In mid-May, we analyzed analyst forecasts for four major U.S. airlines: Delta (DAL), United (UAL), American (AAL) and Southwest (LUV). At that time, we found that expectations were that these airlines would lose 50-60% of their revenue, and recovery would not happen quickly.
“The most optimistic analyst estimates are forecasting that it will take the four largest U.S. airlines until 2022 for sales to recover back to 2019 levels, while the average analyst estimates show it may take until 2024. The most bearish analysts believe it could take even longer.”
Also, in late June, we looked at European airport operators, which analysts also expected to experience a long road to recovery. Analysts were forecasting that “a full recovery back to 2019 revenue levels may not occur until after 2023.”
What are analysts expecting for airlines now?
All data as of September 7, 2020. The sample is based on the largest airlines in the U.S., Europe and Asia tracked by Visible Alpha. For more information, view Visible Alpha’s airlines industry guide.
A key performance indicator of capacity is available seat miles (ASM), calculated by taking the number of seats available and multiplying by the distance flown.
In the U.S., we’ve seen greater than 50% cuts in capacity across the board. The road to recovery appears long and uneven, with consensus estimates showing that many U.S. airline companies will not reach 2019 ASM levels through 2023.
Europe has also seen drastic cuts in ASM, with a similar recovery pattern emerging.
While no region or airline has been spared, Asian airline companies have seen the smallest cuts to capacity and are projected to return to 2019 levels within two years (by 2022). In fact, across the globe, Chinese airlines have seen the smallest decline in capacity.
A key performance indicator for utilization is passenger load factor, the number of revenue passenger miles (RPMs) expressed as a percentage of ASMs (RPMs divided by ASMs). Load factors will tell you how many seats are being filled on the routes flown.
Global declines in load factors range from -2% to -30% between 2019 and 2020, with the sharpest reversals in 2021 seen for U.S. airlines, given that they posted some of the most significant declines.
A key performance indicator for volume is revenue passenger miles (RPMs), calculated by multiplying available seat miles by load factor. The combination of fewer seats filled (lower load factors) on fewer routes flown (capacity withdrawn from the system in ASMs) magnified the decline seen in the 2020 numbers. Most of the major airlines we track have RPM forecasts running 50% or lower than those seen in 2019.
For 2021, we see the most robust recoveries among Asian-focused airlines and European low-cost carriers, which suggests a stronger recovery in demand than in the U.S.
Passenger Yields (PRASM)
Finally, the last measure we looked at was PRASM, a unit price factor that presents passenger revenue on a per-mile basis. PRASM is calculated by dividing passenger revenue by revenue passenger miles (RPM).

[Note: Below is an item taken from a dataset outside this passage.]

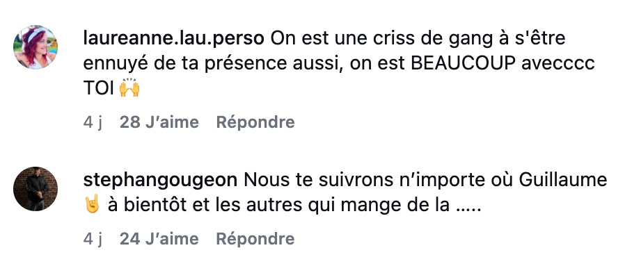 En agissant ainsi, Guillaume renverse complètement la dynamique : au lieu de se laisser atteindre par la critique, il la transforme en opportunité d’établir un contact positif. Une manière élégante de montrer que l’humour et l’ouverture peuvent désamorcer bien des tensions. (via Conneries QC)

To identify trends in pricing among companies, geographies and categories (LCCs vs. flag carriers), we computed the three-year compound annual growth rate in PRASM. Our data shows that analysts expect airlines in Asia – and particularly those in China – will post the strongest (or smallest declines) in unit pricing, followed by airlines in Europe. The U.S. trends are more challenging, suggesting reductions in pricing power over the next few years.